-- Opening Marker --

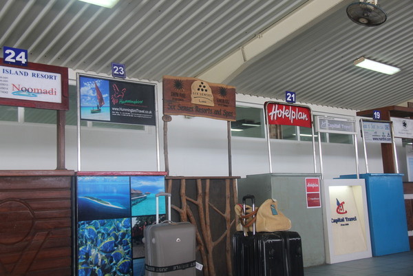 一出口就有各个酒店的小黑接人,有位热情的小黑会说中文为我们找到了Six Senses Laamu的接待员,原本他是接别人的,谢谢啦!在各种接机柜台中我们的Six Senses的还算有特色吧
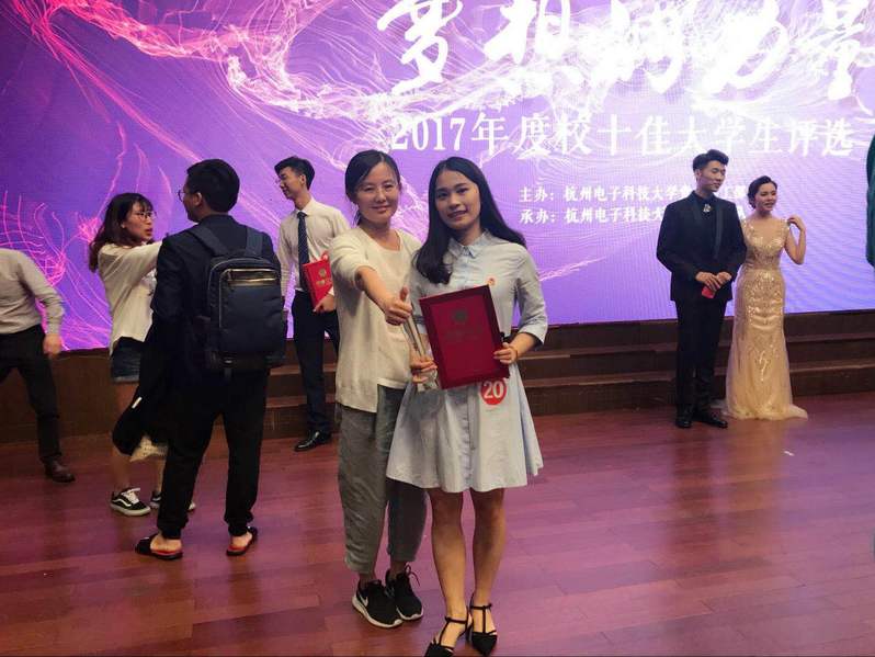 2018年5月9日晚,以“梦想的力量”为主题的2017年度校“十佳大学生”评选大会,在下沙校区文化活动中心剧院举行。杭州电子科技大学党委副书记朱斌、浙江省教育厅下沙园区办主任胡惠华、学校相关职能部门负责人、各学院学生工作负责人出席评选大会,候选人家长们纷纷到场支持。
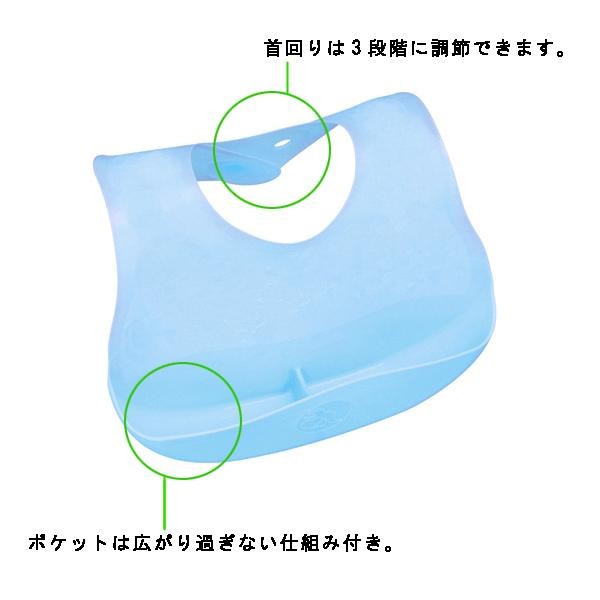 | シリコン製のソフトで肌にやさしいビブ。 |
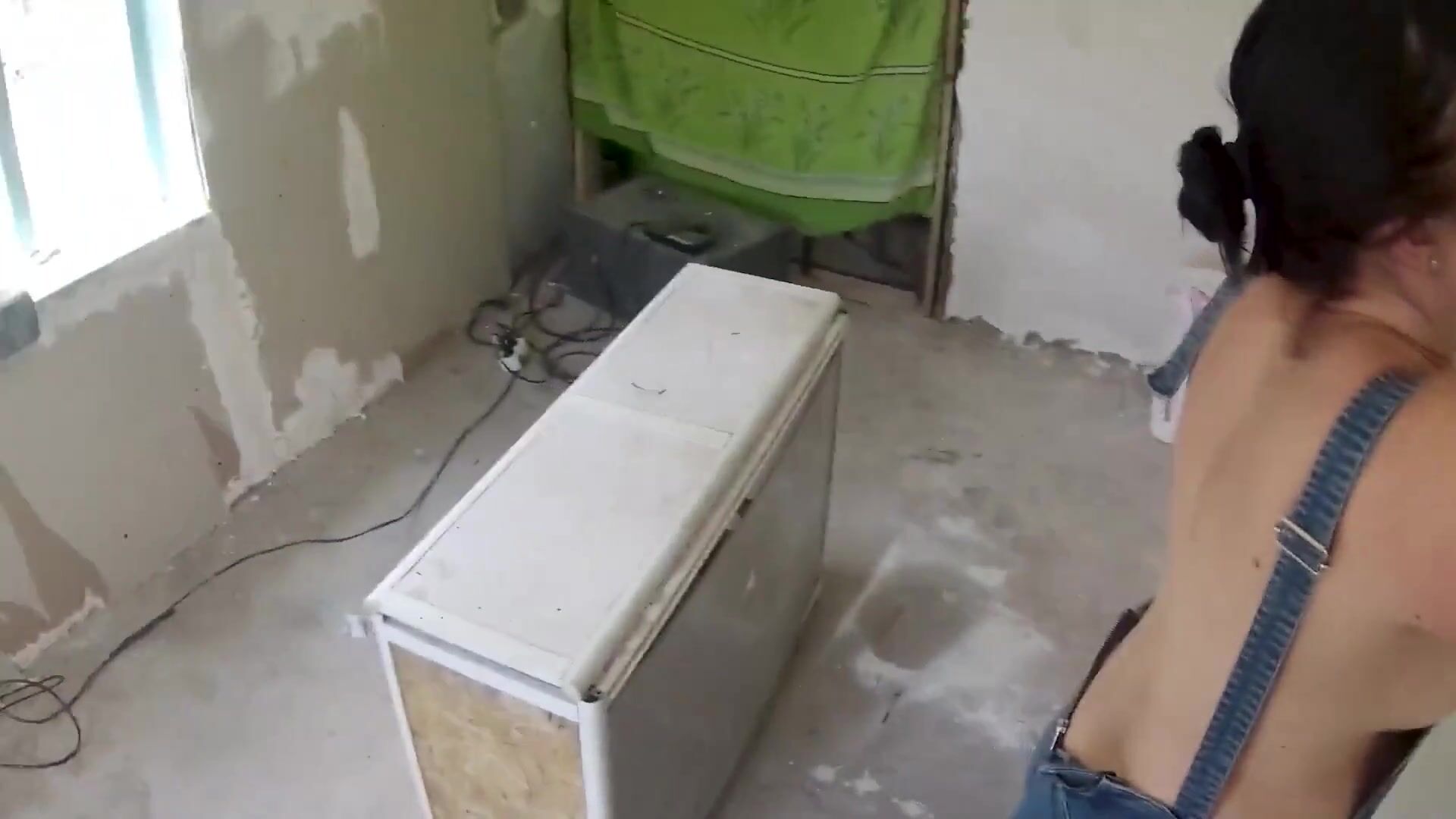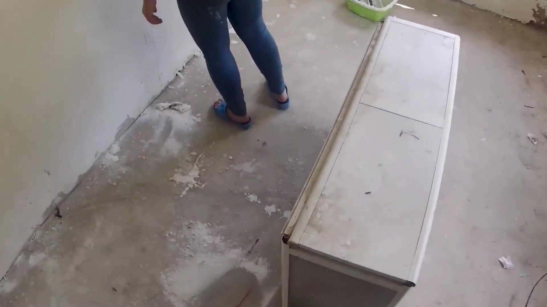 . An ordinary day, ordinary work. I came to check how the girl plasterer was coping. She mated poorly and had to be punished. First I removed the top of her catsuit and felt her big tits. Then he put me on my knees and she sucked my already excited big dick. Then he put her on her back and fucked her tight pussy hard
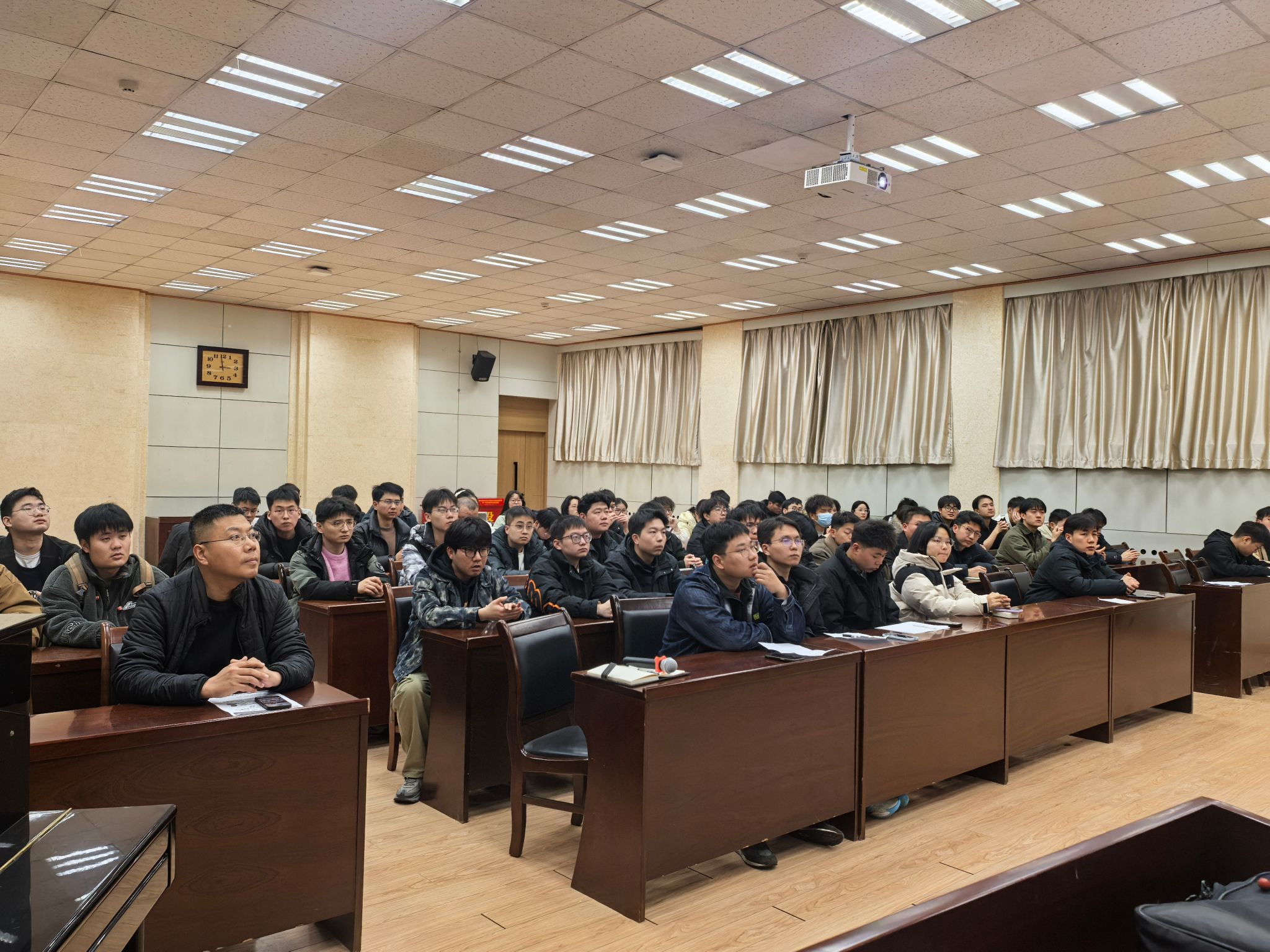 在互动交流环节,同学们踊跃提问,就赛题理解、数据解读、方案创新点挖掘等问题与老师们展开了深入探讨。与会教师耐心解答,并鼓励学生以严谨求实的态度打磨作品,力争在大赛中展现石工学子的专业素养与创新风采。

-- Closing Marker --

### Your task:
Restate word for word the lines above that start at the line containing "tight pussy hard" and run to the end of the listing; exclude the pictures.

### Solution to the problem:
 . An ordinary day, ordinary work. I came to check how the girl plasterer was coping. She mated poorly and had to be punished. First I removed the top of her catsuit and felt her big tits. Then he put me on my knees and she sucked my already excited big dick. Then he put her on her back and fucked her tight pussy hard
 在互动交流环节,同学们踊跃提问,就赛题理解、数据解读、方案创新点挖掘等问题与老师们展开了深入探讨。与会教师耐心解答,并鼓励学生以严谨求实的态度打磨作品,力争在大赛中展现石工学子的专业素养与创新风采。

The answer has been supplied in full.